Please restate word for word the lines of the entries below from the one with "重庆作为一个充满魅力的城市,以其独特的地" to the one with "ナットを緩めてホースを差し込", inclusive, and leave out every picture.

- _DATA IN THIS EXERCISE_:

==========

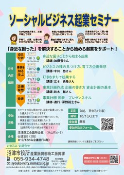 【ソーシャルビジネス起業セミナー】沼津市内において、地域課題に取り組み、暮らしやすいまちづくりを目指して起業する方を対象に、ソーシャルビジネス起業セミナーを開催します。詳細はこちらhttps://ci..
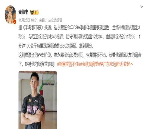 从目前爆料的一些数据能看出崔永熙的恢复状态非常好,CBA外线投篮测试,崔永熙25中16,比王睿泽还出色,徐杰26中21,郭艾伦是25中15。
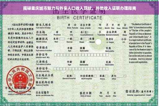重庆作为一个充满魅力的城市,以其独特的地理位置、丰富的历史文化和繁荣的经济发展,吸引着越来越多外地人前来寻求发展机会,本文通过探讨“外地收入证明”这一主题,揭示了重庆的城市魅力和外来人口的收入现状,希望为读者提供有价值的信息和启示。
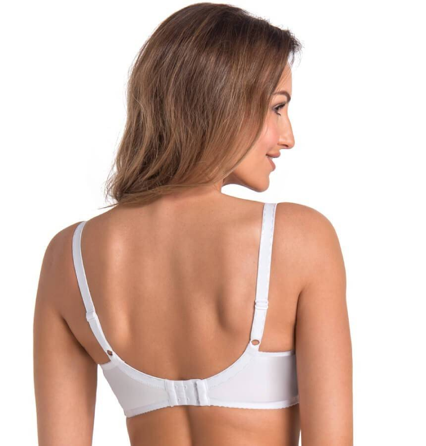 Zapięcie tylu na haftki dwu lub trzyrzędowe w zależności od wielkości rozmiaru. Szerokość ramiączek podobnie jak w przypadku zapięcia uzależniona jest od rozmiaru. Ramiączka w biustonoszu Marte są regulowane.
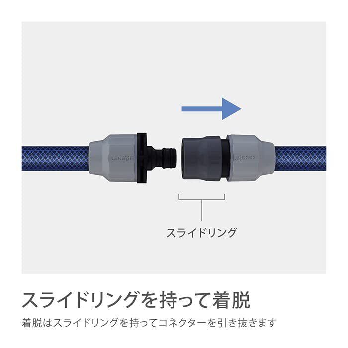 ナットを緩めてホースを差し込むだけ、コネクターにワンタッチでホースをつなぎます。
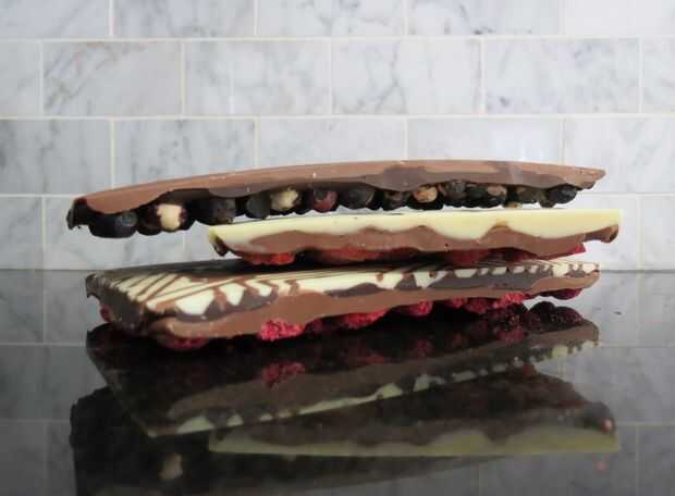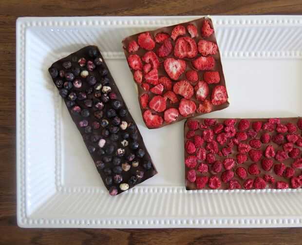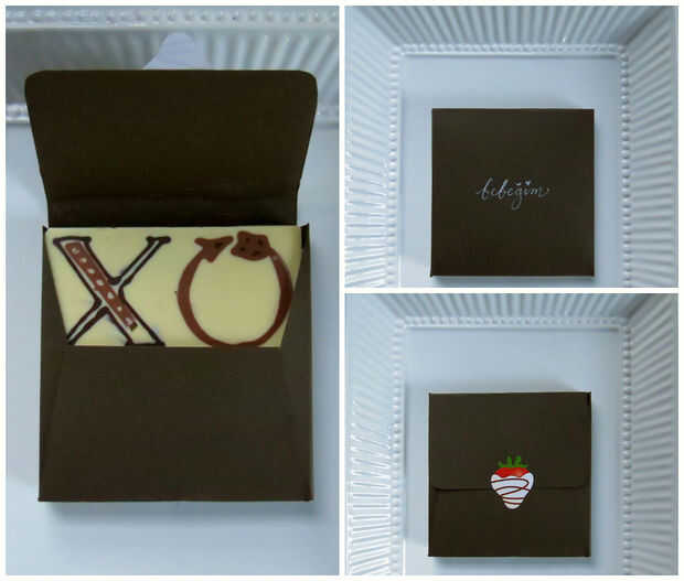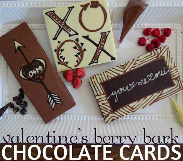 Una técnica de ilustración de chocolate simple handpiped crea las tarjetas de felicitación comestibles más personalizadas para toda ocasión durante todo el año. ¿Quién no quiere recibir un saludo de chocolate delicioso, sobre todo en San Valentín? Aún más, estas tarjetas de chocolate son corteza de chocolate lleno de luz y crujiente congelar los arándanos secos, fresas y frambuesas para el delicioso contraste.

==========

- _YOUR SOLUTION_:
重庆作为一个充满魅力的城市,以其独特的地理位置、丰富的历史文化和繁荣的经济发展,吸引着越来越多外地人前来寻求发展机会,本文通过探讨“外地收入证明”这一主题,揭示了重庆的城市魅力和外来人口的收入现状,希望为读者提供有价值的信息和启示。
 Zapięcie tylu na haftki dwu lub trzyrzędowe w zależności od wielkości rozmiaru. Szerokość ramiączek podobnie jak w przypadku zapięcia uzależniona jest od rozmiaru. Ramiączka w biustonoszu Marte są regulowane.
 ナットを緩めてホースを差し込むだけ、コネクターにワンタッチでホースをつなぎます。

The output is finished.